Six SNPs were also analyzed for parent-of-origin effects in relation to T2D and insulin secretory function in Pima Indians [68]. The strongest effect was seen at the KCNQ1 locus. Three SNPs at the KCNQ1 locus (rs2237892, rs2273895, rs2299620) had risk allele frequencies of ~0.50, were in strong linkage disequilibrium, and provided the strongest evidence for association with T2D [68]. In Pimas, the C allele of rs2299620 increased T2D risk when maternally inherited (OR = 1.92), but not when paternally inherited. The maternally derived C allele also associated with a 28% decrease in insulin secretion (p = 0.002), and was found to account for 4% of the risk for T2D in Pima Indians [68]. This represents one of the largest single SNP contributions to T2D risk reported in any population, and demonstrates the importance of collecting family-based data and DNA, which is often facilitated by studying isolated populations where family members have not dispersed.

11. Going forward

Although efforts in the past decade have greatly advanced our understanding of DNA variation contributing to T2D, this knowledge currently has very limited predictive and translational value. Most of the loci identified to date have no known established function in the pathophysiology of T2D; they have been designated as "T2D loci" solely based on their proximity to a GWAS signal. A clear demonstration of causality at the gene and variant level will be important to increase the usefulness of these results in both basic science and translational studies. Whole genome sequencing studies using next generation sequencing, which are currently being explored, may help to achieve these aims.

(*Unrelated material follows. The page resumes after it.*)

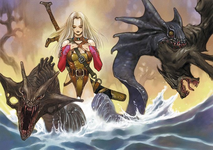 私がルフィーアやディアーネを描いた、こういう絵(RPGamerのカバー)ならあります。😁 #illustration #watercolor #イラストレーション #水彩画 #米田仁士 #HitoshiYoneda twitter.com/DEVA_JS/status…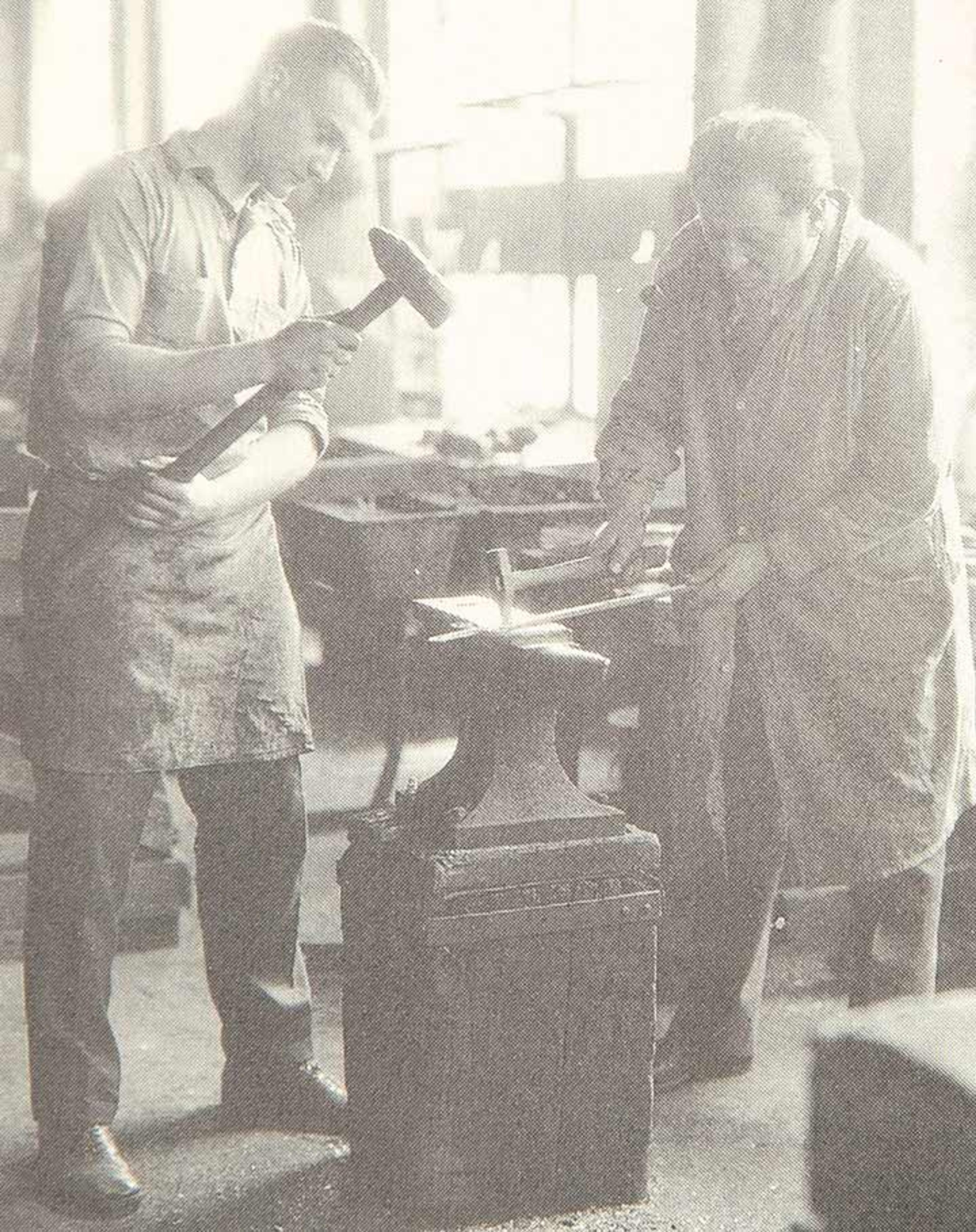 Yellin working with his striker (forging assistant) to prepare a demonstration piece at Arch Street forge, 1927. From Samuel Yellin, Metalworker

As genomic studies move farther and farther away from hypothesis-based efforts, and instead aim to explore all genomic information, the complexity of T2D can be daunting. As suggested in a recent review by Froguel et al., experimental biologists and geneticists should not be overwhelmed by the massive amounts of new data, but rather formulate strategies to validate and exploit the new information towards a better understanding of the exact biochemical and molecular pathways involved in T2D [48].

Disclosures: The authors report no conflict of interests.